▶ [Problem to work on]:
Using the records below, quote only the span that opens with the line containing "พิเศษ!! Charming show" and closes with the line containing "Abb. 4.2: Illustration", exactly and inclusively.

---------- Dataset content ----------

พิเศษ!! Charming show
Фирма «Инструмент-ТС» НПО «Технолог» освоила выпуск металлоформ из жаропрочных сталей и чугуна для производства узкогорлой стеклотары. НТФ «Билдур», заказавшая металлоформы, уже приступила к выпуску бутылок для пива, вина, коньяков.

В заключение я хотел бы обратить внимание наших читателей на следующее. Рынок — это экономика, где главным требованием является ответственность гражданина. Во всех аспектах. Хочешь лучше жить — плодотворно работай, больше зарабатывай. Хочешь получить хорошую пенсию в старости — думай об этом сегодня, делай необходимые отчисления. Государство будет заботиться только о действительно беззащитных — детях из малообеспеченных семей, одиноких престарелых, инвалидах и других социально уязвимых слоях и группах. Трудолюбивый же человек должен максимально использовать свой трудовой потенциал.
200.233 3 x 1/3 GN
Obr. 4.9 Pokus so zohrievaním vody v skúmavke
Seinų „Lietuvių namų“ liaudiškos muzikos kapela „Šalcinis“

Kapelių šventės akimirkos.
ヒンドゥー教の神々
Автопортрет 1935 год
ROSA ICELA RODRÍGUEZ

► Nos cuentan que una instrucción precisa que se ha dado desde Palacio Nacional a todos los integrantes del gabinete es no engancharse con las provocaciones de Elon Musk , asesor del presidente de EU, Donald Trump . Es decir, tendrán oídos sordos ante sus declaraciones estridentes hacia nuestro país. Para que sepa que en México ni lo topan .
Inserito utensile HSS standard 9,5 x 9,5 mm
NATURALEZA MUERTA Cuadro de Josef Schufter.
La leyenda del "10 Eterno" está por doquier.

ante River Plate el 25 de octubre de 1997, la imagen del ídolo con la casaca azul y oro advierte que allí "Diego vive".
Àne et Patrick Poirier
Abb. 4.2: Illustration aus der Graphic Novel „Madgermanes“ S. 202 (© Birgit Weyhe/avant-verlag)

----------
---------- Dataset content ----------

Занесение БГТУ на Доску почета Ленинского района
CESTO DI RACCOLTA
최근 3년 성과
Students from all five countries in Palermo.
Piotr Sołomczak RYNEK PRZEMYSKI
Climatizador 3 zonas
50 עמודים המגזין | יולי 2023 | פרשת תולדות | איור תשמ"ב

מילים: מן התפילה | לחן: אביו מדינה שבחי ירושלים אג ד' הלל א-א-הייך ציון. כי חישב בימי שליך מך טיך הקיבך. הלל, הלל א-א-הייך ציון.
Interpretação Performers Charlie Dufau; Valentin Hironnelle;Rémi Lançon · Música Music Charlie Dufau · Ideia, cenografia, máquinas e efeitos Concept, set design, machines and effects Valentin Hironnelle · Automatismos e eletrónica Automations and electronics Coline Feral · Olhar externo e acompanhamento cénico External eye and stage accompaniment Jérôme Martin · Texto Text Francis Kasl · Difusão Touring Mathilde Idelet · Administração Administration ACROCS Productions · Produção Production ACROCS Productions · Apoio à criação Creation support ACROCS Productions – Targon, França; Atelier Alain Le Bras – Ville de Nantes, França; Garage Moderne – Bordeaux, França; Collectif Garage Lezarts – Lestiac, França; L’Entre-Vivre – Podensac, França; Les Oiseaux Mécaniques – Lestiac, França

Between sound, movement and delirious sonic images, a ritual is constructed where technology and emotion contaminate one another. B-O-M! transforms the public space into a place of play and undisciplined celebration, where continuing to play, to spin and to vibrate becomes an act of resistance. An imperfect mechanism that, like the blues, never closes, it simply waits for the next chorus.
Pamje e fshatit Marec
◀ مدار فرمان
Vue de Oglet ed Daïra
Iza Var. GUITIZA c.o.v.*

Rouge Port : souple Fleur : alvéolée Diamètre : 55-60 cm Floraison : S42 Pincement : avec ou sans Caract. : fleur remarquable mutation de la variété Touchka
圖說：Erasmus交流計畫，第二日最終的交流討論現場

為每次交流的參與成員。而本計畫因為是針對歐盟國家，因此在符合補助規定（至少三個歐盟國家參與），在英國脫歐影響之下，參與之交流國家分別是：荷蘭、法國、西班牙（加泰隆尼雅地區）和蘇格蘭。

----------

▶ [Solution below]:
พิเศษ!! Charming show
Фирма «Инструмент-ТС» НПО «Технолог» освоила выпуск металлоформ из жаропрочных сталей и чугуна для производства узкогорлой стеклотары. НТФ «Билдур», заказавшая металлоформы, уже приступила к выпуску бутылок для пива, вина, коньяков.

В заключение я хотел бы обратить внимание наших читателей на следующее. Рынок — это экономика, где главным требованием является ответственность гражданина. Во всех аспектах. Хочешь лучше жить — плодотворно работай, больше зарабатывай. Хочешь получить хорошую пенсию в старости — думай об этом сегодня, делай необходимые отчисления. Государство будет заботиться только о действительно беззащитных — детях из малообеспеченных семей, одиноких престарелых, инвалидах и других социально уязвимых слоях и группах. Трудолюбивый же человек должен максимально использовать свой трудовой потенциал.
200.233 3 x 1/3 GN
Obr. 4.9 Pokus so zohrievaním vody v skúmavke
Seinų „Lietuvių namų“ liaudiškos muzikos kapela „Šalcinis“

Kapelių šventės akimirkos.
ヒンドゥー教の神々
Автопортрет 1935 год
ROSA ICELA RODRÍGUEZ

► Nos cuentan que una instrucción precisa que se ha dado desde Palacio Nacional a todos los integrantes del gabinete es no engancharse con las provocaciones de Elon Musk , asesor del presidente de EU, Donald Trump . Es decir, tendrán oídos sordos ante sus declaraciones estridentes hacia nuestro país. Para que sepa que en México ni lo topan .
Inserito utensile HSS standard 9,5 x 9,5 mm
NATURALEZA MUERTA Cuadro de Josef Schufter.
La leyenda del "10 Eterno" está por doquier.

ante River Plate el 25 de octubre de 1997, la imagen del ídolo con la casaca azul y oro advierte que allí "Diego vive".
Àne et Patrick Poirier
Abb. 4.2: Illustration aus der Graphic Novel „Madgermanes“ S. 202 (© Birgit Weyhe/avant-verlag)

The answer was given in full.